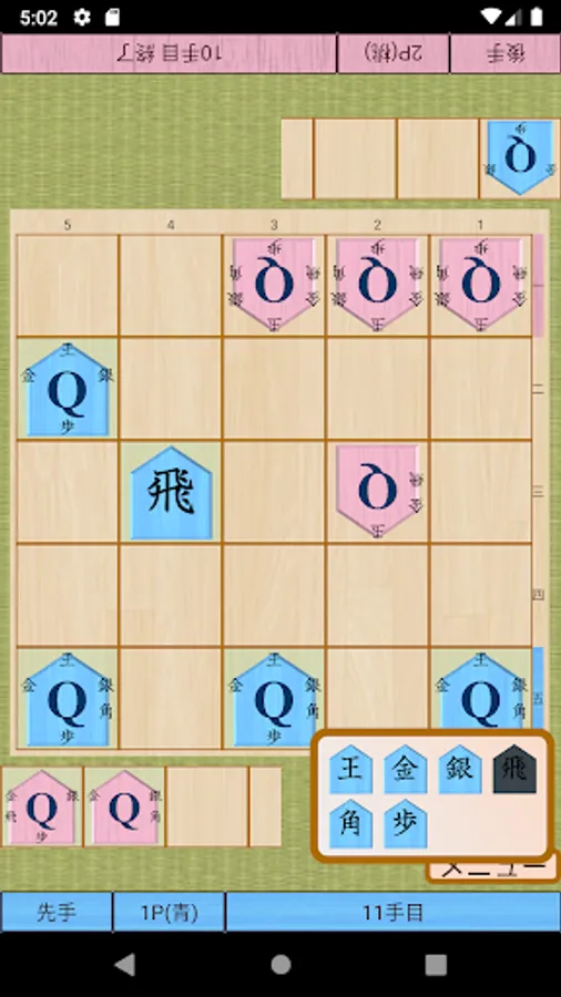 5×5マスの量子将棋(5五将棋)をデフォルトにしています。
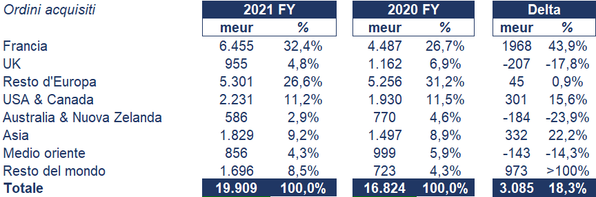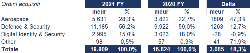 Analogamente, gli ordini acquisiti nel periodo sono cono indicati nel prospetto sottostante:
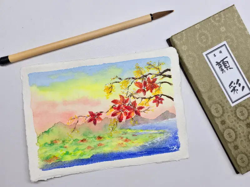 그리고 그 위에는 진한 색감의 단풍을 그리기 위해 시넬리에 오일파스텔을 사용,
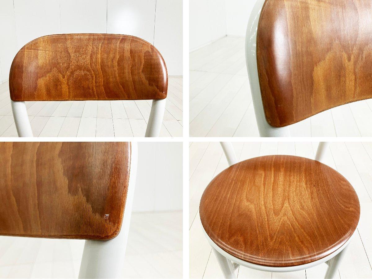 アルミチューブとプライウッド合板という異素材を組み合わせたシンプルなスツール。座面は座った際に身体がチェアへフィットするようカーブがついており、しっかりとした見た目の印象より比較的軽量。座面のプライウッドは耐久性やメンテナンス性に優れ、半屋外での利用も可能です
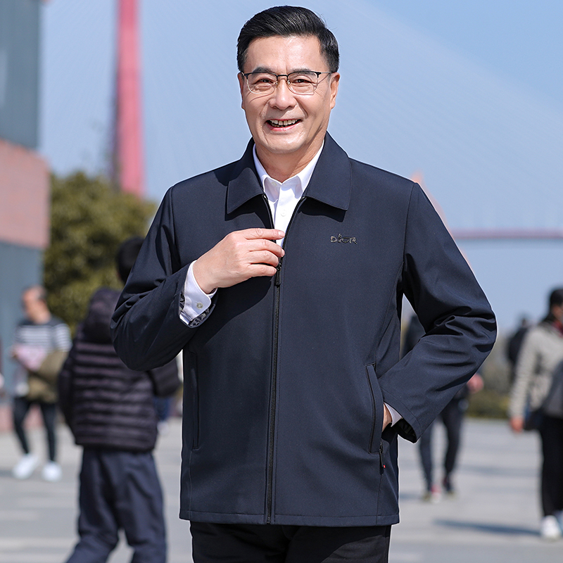 春秋款爸爸夹克男秋装外套男中老年人男装爷爷夹克衫老人男士上衣
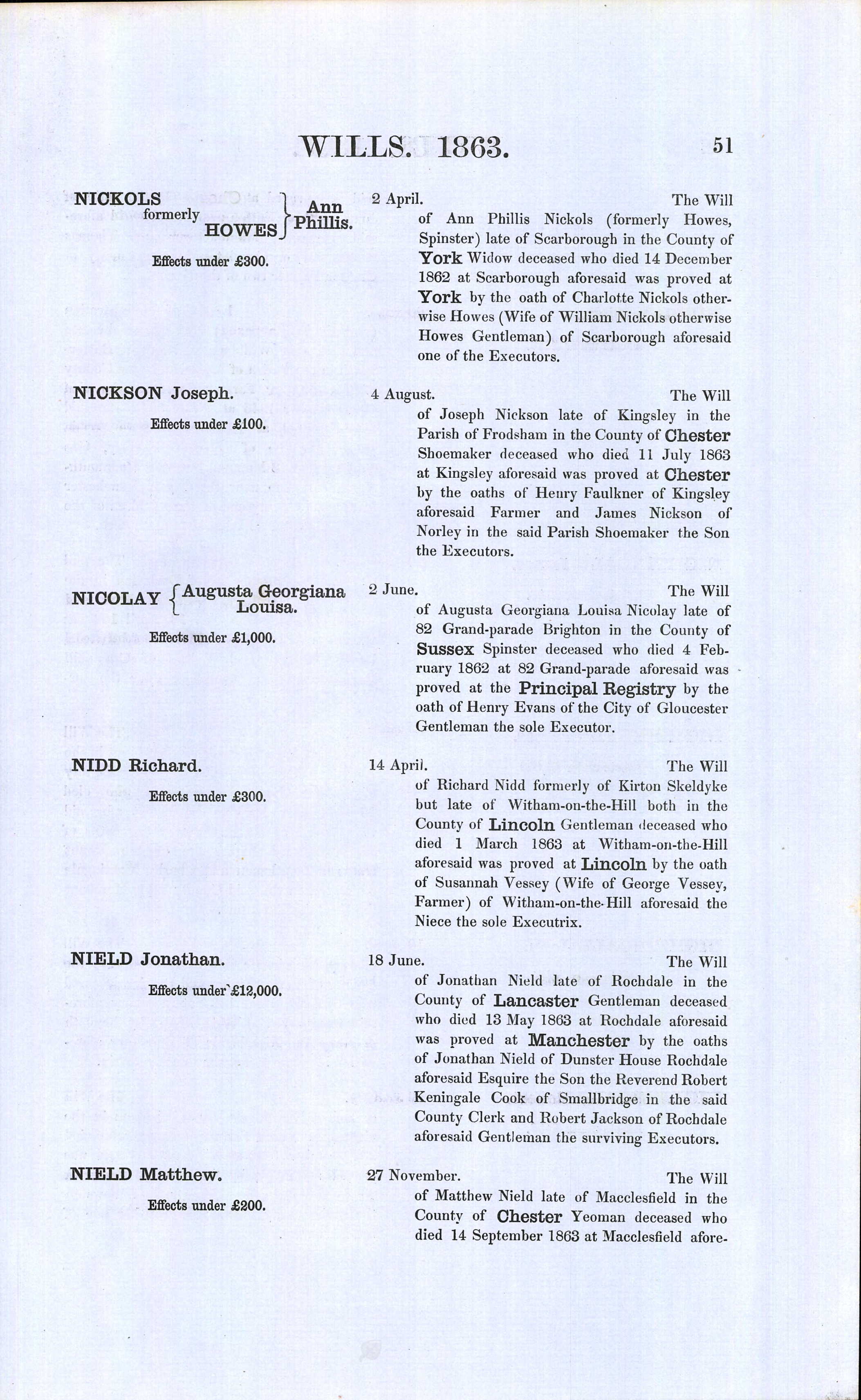 The will of RIchard Nidd formerly of Kirton, Skeldyke, but late of WItham-on-the-hill both in the county of Lincoln Gentleman, deceased who died March 1, 1863 at Witham-on-the-hill, aforesaid was proved at Lincoln, by the oath of Suzanna Vesey (wife of George Vesey, Farmer) of Witham-on-the-Hill, aforesaid the Neice the sole executrix.
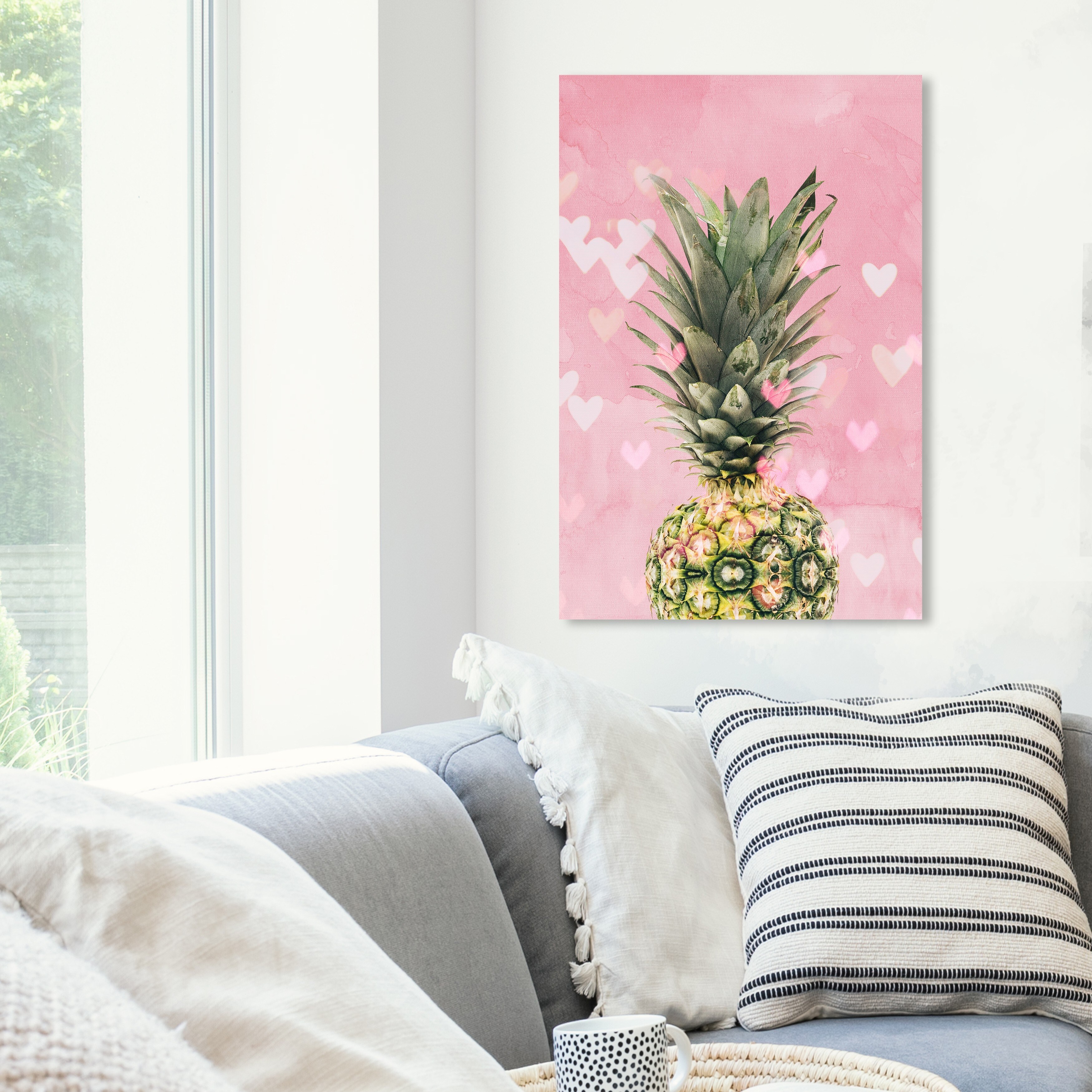 Wynwood Studio 'Pink Pineapple Hearts' Fashion and Glam Wall Art Canvas Print Hearts - Pink, Green
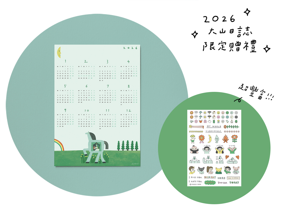 ★ 每本日誌都會附贈〈 2026日誌年曆海報 〉和〈 大山日誌透明貼紙3號 〉各一張。
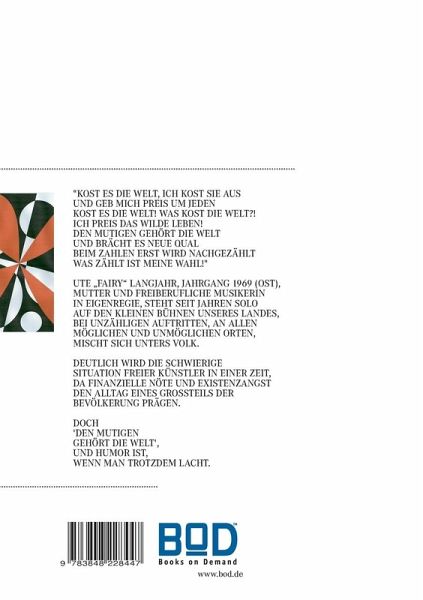 "KOST ES DIE WELT, ICH KOST SIE AUSUND GEB MICH PREIS UM JEDENKOST ES DIE WELT! WAS KOST DIE WELT?!ICH PREIS DAS WILDE LEBEN!DEN MUTIGEN GEHÖRT DIE WELTUND BRÄCHT ES NEUE QUALBEIM ZAHLEN ERST WIRD NACHGEZÄHLTWAS ZÄHLT IST MEINE WAHL!"UTE "FAIRY" LANGJAHR, JAHRGANG 1969 (OST),MUTTER UND FREIBERUFLICHE MUSIKERININ EIGENREGIE, STEHT SEIT JAHREN SOLOAUF DEN KLEINEN BÜHNEN UNSERES LANDES, BEI UNZÄHLIGEN AUFTRITTEN, AN ALLENMÖGLICHEN UND UNMÖGLICHEN ORTEN, MISCHT SICH UNTERS VOLK.DEUTLICH WIRD DIE SCHWIERIGESITUATION FREIER KÜNSTLER IN EINER ZEIT,DA FINANZIELLE NÖTE UND EXISTENZANGSTDEN ALLTAG EINES GROSSTEILS DERBEVÖLKERUNG PRÄGEN.DOCH'DEN MUTIGENGEHÖRT DIE WELT',UND HUMOR IST,WENN MAN TROTZDEM LACHT.MORGENSTERNKLEINER STERN AM MORGENUNTERM FRÜHSTÜCKSTISCHLAG AM BODEN, SCHIMMERTE IM WINTERLICHTNACH DER NACHT, ICH HOB IHN SACHTEAUF DIE FINGERSPITZEN, UND ICH LACHTEZWISCHEN BRÖTCHEN BUTTER BUNA- LEBERWURSTSCHIMMERTE ER FROH UND HAT VON NICHTS GEWUSSTKÜHLES LAKEN NICHT AUF HEISSEM LEIBSCHEUER KÜSSE ATEMLOSE ZÄRTLICHKEITHAB IHN MIR BEHUTSAM AUFGEHOBENIN DIE LADE 'SCHÖNE ZEIT' GESCHOBENEIN GEFASSTES SCHÖN GESCHENKTER STUNDENUNTER GUTEM STERN. ER IST GEFUNDENKLEINER STERN AM MORGENUNTERM FRÜHSTÜCKSTISCHLAG AM BODEN, SCHIMMERTE IM WINTERLICHTNACH DER NACHT, ICH HOB IHN SACHTEAUF DIE FINGERSPITZEN, UND ICH LACHTESCHWARZE PERLENVERLUSTANGST WIRFT MISSTRAUNSCHREIENDE STEINERNE SCHATTENIN DIE GROTTE DER TRÄUMENDEN TRÄNENWELLEN ZIRKEL DER ANGSTZERSCHELLEN AM UFER DER LIEBEZERBERSTEN ZU SCHWARZEN PERLENFÜLLEN DAS GEFÄSS DIESES WERDENSZUVIEL HELLER SCHEIN MACHT BLINDICH LIEBE AUCH DEN MATTEN SCHIMMERSCHWARZER PERLEN
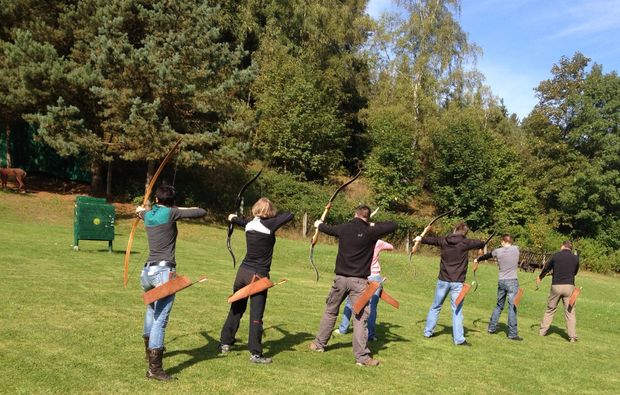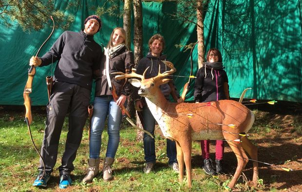 Lerne beim Grundkurs Bogenschießen in Rohrbach bei Meura mit traditionellen Bögen instinktiv auf Scheibe und 3D-Tierattrappen zu schießen und Dein Unterbewusstsein zu aktivieren. Genieße es, einen Langbogen oder einen Recurvebogen zu spannen und erfreue Dich am eleganten Flug Deines Pfeiles.
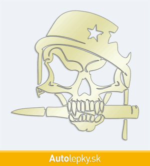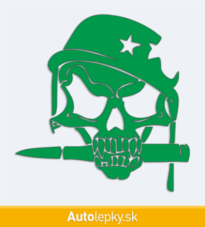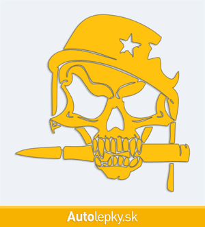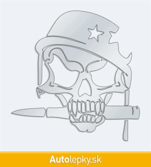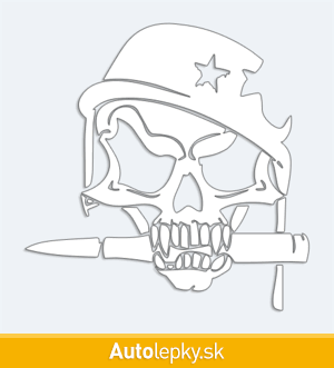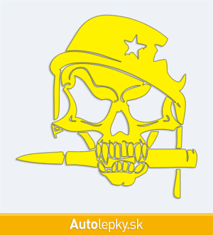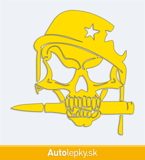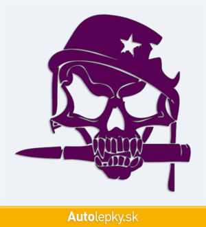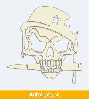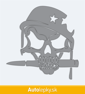 Nálepku lebka vojaka na auto vyrábame v 40 farbách a mnohých veľkostiach. Minimálny rozmer samolepky je 12.8×13 cm, katalógové číslo 6229. Nálepka na auto s lebkou vojaka je vyrobená z kvalitnej samolepiacej fólie s životnosťou 3-5 rokov.
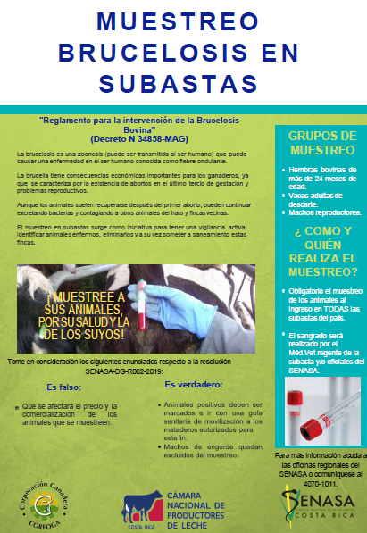 A partir del mes de Julio del 2019 se consolidó el apoyo a la iniciativa de Control Epidemiológico contra la Brucelosis Bovina, en conjunto con el SENASA y Subastas Ganaderas del país, para llevar a cabo los muestreos en los establecimientos de comercialización de todo el país, con la finalidad de encontrar bovinos portadores de la enfermedad, dar seguimiento a sus respectivas fincas de origen, y recurrir a procesos de saneamiento.
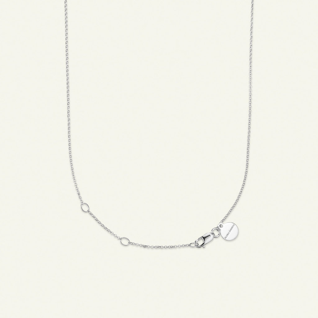Anheng og kjede er laget av 100 % resirkulert 925 sterlingsølv belagt med rhodium.
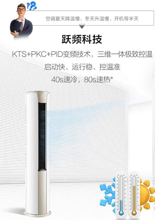 空調(diào)夏天降溫慢,冬天升溫慢,開機等半天,這款靜悅空調(diào)采用KST+PKC+PID變頻技術(shù),三維一體極致控溫,啟動快、運行穩(wěn)、控溫準(zhǔn),40S速冷,80S速熱。搭配強勁壓縮機,強勁動力,速冷速熱。還帶有56℃除菌自清潔功能,出風(fēng)口溫度達(dá)到56℃以上,并持續(xù)30分鐘,空調(diào)內(nèi)部形成一個高溫除菌區(qū),高效除菌,只吹干凈風(fēng)。次空調(diào)采用上下分段式豎百葉,可根據(jù)用戶需求獨立控制,采用專利導(dǎo)風(fēng)板應(yīng)用高爾夫球面導(dǎo)流科技,20個大波浪導(dǎo)板,1800個高爾夫球面,分散氣流,送風(fēng)更舒適。?

========

What you will do
Beginning with the line above that contains "アルミチューブとプライウッド" and finishing with the line that contains "2026日誌年曆海報 〉和〈 大山日誌透明貼紙3號 〉各一張。", print those lines exactly and only. Skip all pictures.

Written answer
 アルミチューブとプライウッド合板という異素材を組み合わせたシンプルなスツール。座面は座った際に身体がチェアへフィットするようカーブがついており、しっかりとした見た目の印象より比較的軽量。座面のプライウッドは耐久性やメンテナンス性に優れ、半屋外での利用も可能です
 春秋款爸爸夹克男秋装外套男中老年人男装爷爷夹克衫老人男士上衣
 The will of RIchard Nidd formerly of Kirton, Skeldyke, but late of WItham-on-the-hill both in the county of Lincoln Gentleman, deceased who died March 1, 1863 at Witham-on-the-hill, aforesaid was proved at Lincoln, by the oath of Suzanna Vesey (wife of George Vesey, Farmer) of Witham-on-the-Hill, aforesaid the Neice the sole executrix.
 Wynwood Studio 'Pink Pineapple Hearts' Fashion and Glam Wall Art Canvas Print Hearts - Pink, Green
 ★ 每本日誌都會附贈〈 2026日誌年曆海報 〉和〈 大山日誌透明貼紙3號 〉各一張。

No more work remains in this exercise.